Using an artificial intelligence algorithm trained to analyse huge quantities of genetic data of cells from all over the body, to indicate that the genetic signal is likely to affect cells in the lung, the researchers then zoomed down on the DNA at the genetic signal. This examined how billions of DNA letters fold up to fit inside a cell to pinpoint the specific gene that was being controlled by the sequence, thus causing the greater risk of developing severe COVID-19.

Dr Damien Downes, who led the laboratory work from the Hughes research group, said: ‘Surprisingly, as several other genes were suspected, the data showed that a relatively unstudied gene called LZTFL1 causes the effect.’

While this higher risk version of the gene probably interferes with cells lining the airways and lungs, the researchers pointed out that it doesn’t affect the immune system, so expected that people carrying this version of the gene would respond normally to vaccines. They were also hopeful that the findings would lead to the possibility of other customised drug and therapy treatments for those more at risk.

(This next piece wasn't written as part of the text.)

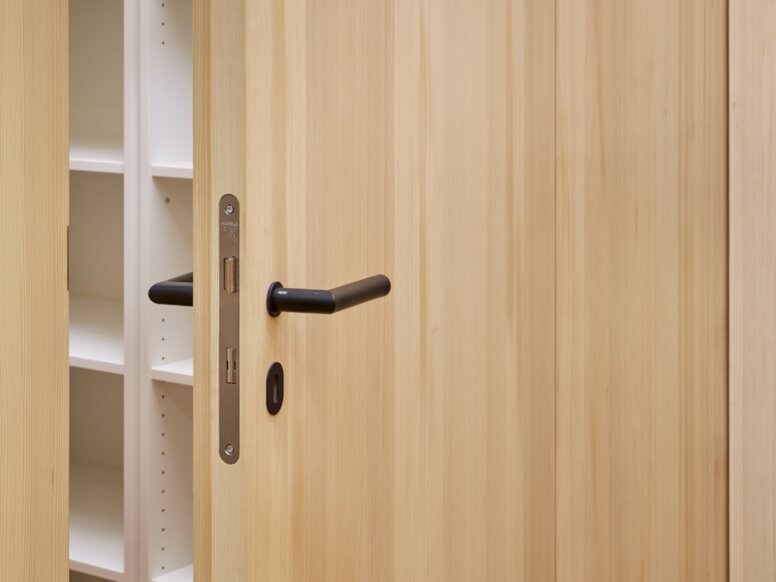 Do drzwi wybrano klamki drzwiowe HEWI System 162 w kolorze czarnym matowym które idealnie pasują do koncepcji projektowej loftu. Prosta, minimalistyczna forma klamki podkreśla nowoczesny charakter inwestycji i uzupełnia industrialną estetykę pierwotnego budynku magazynowego. Jednocześnie matowa czarna powierzchnia tworzy celowy kontrast z naturalnymi materiałami, takimi jak tynk gliniany i drewno, i harmonizuje z wyrazistymi akcentami - takimi jak pomalowana na pomarańczowo klatka schodowa. Te szczegóły ilustrują, jak dobrze przemyślane rozwiązania projektowe mogą przyczynić się do harmonii między starym i nowym.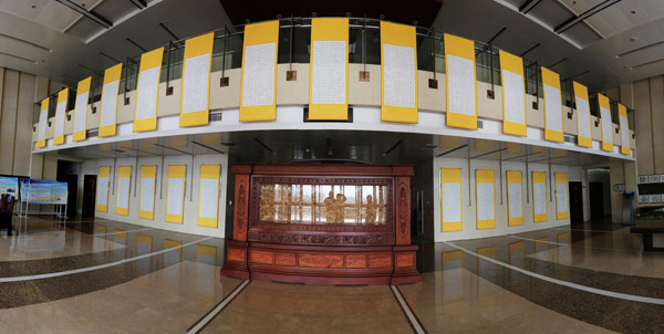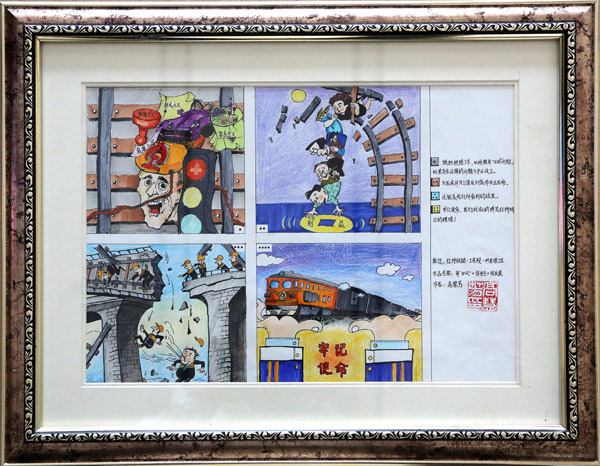 经过层层筛选,此次书法漫画展共展出漫画作品67幅,漫画内容紧扣主题、观点鲜明、寓意深刻;展出书法作品31幅,内容为《党章》全文,共17200字,由车务段杨峰用毛笔楷书抄写。

Study co-lead Prof James Davies, who worked as an NHS Consultant in Intensive Care Medicine during the pandemic and is an Associate Professor of Genomics at Oxford University’s Radcliffe Department of Medicine, said: ‘The genetic factor we have found explains why some people get very seriously ill after coronavirus infection. It shows that the way in which the lung responds to the infection is critical. This is important because most treatments have focussed on changing the way in which the immune system reacts to the virus.’

Sixty percent of people with South Asian ancestry carry this higher-risk version of the gene compared to 15 percent of those with European ancestry – explaining in part the higher death rates and hospitalisations in the former group. The study also found that 2 percent of people with Afro-Caribbean ancestry carried the higher risk genotype, meaning that this genetic factor does not completely explain the higher death rates reported for black and minority ethnic communities.

Prof Davies explained: ‘The higher risk DNA code is found more commonly in some black and minority ethnic communities but not in others. Socioeconomic factors are also likely to be important in explaining why some communities have been particularly badly affected by the COVID-19 pandemic.

‘Although we cannot change our genetics, our results show that the people with the higher risk gene are likely to particularly benefit from vaccination. Since the genetic signal affects the lung rather than the immune system it means that the increased risk should be cancelled out by the vaccine.’